Fortunately, the restrictive approach of Lord Browne-Wilkinson in X v Bedfordshire in relation to social welfare legislation appears not to have found favour in the field of health and safety, although this case ought to be compared with the unfortunate decision in: Richardson v Pitt-Stanley [1995] CA -here, the claimant severely injured his right hand at work and successfully sued the company employing him in negligence and breach of statutory duty. Unfortunately, his employer company was uninsured and was unable to meet his claim. -in response the claimant sued the directors of the company for breach of their statutory duty under section 5 of the Employers Liability (Compulsory Insurance) Act 1969. Surprisingly the C of A held that there was course of action. The statute was not, in their view, solely intended to benefit those injured at work but rather was also intended to protect the insured against the side effects of multiple and/or large claims.

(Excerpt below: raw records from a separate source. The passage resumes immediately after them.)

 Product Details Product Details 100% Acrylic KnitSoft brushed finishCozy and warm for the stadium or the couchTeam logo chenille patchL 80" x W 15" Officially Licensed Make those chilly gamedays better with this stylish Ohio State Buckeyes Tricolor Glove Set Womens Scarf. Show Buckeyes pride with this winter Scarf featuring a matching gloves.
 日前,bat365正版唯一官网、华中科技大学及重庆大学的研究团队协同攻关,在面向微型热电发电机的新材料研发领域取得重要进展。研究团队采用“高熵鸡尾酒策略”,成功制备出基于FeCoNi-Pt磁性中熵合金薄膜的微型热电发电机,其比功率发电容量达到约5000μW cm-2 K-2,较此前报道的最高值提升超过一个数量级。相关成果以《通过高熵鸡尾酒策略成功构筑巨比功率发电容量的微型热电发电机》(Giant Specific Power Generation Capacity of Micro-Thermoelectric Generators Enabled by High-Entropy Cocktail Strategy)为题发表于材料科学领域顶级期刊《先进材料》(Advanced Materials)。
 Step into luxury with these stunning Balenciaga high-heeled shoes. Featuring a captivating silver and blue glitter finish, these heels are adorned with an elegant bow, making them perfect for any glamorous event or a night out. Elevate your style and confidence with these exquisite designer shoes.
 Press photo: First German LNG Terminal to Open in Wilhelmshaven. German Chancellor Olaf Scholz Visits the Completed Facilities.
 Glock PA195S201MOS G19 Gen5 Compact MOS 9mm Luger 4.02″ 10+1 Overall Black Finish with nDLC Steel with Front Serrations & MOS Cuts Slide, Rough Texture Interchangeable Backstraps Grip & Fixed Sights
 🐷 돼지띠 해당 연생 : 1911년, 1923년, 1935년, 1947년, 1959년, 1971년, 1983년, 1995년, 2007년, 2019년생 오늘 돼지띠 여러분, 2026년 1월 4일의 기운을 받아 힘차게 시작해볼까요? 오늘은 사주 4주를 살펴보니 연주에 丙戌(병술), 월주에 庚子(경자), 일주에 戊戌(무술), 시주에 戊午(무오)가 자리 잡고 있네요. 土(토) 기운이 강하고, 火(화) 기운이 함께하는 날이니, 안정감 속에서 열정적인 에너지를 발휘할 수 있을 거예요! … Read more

2/3. Has the duty been breached and does the harm fall within the scope of the duty? Once it is established that a statute allows for an action for the breach of statutory duty, in order for a claim to succeed the claimant must also show that the duty has in fact been breached and that the harm suffered falls within the scope of the duty (and causation). This is usually quite straightforward. The scope and content of the duty will be defined by the statute. Once we know what the duty requires of the defendant we shall know what constitutes a breach of that duty. Additionally, the harm/damage suffered by the claimant must be of the type that the duty was intended to prevent. The leading case is Gorris v Scott [1874] which involved a cargo of sheep. The defendant ship-owner was under a statutory duty to keep them securely penned when in transit in order to prevent the spread of disease. He did not do so in breach of his duty- and as a result

the sheep were swept overboard in bad weather. The claim for breach of duty was unsuccessful. The duty was imposed in order to prevent disease; the damage in fact suffered was accordingly something totally apart from the object of the Act

Similarly in: Fytche v Wincanton Logistics plc [2004] HL -Mr Fytche was employed by the defendant company to drive a milk tanker to collect milk from farms at night. One morning, after a particularly heavy snow fall, the tanker became stuck on an icy country road. Contrary to companys standard procedures, the claimant attempted to dig the tanker out. It took 3 hours in subzero temperatures. Unfortunately, as a result, the claimant suffered frostbite in his little toe as a result of a leak in his right boot. The H of Ls held that there was no claim in respect of a small hole in his boots despite an obligation under regulation 7(1) of the Personal Protective Equipment at Work Regulations 1992. The boots had not been provided to protect his toes against frostbite, but rather to protect from impact injuries and for which purpose they were still in good repair. The employers were therefore not in breach of regulation 7(1).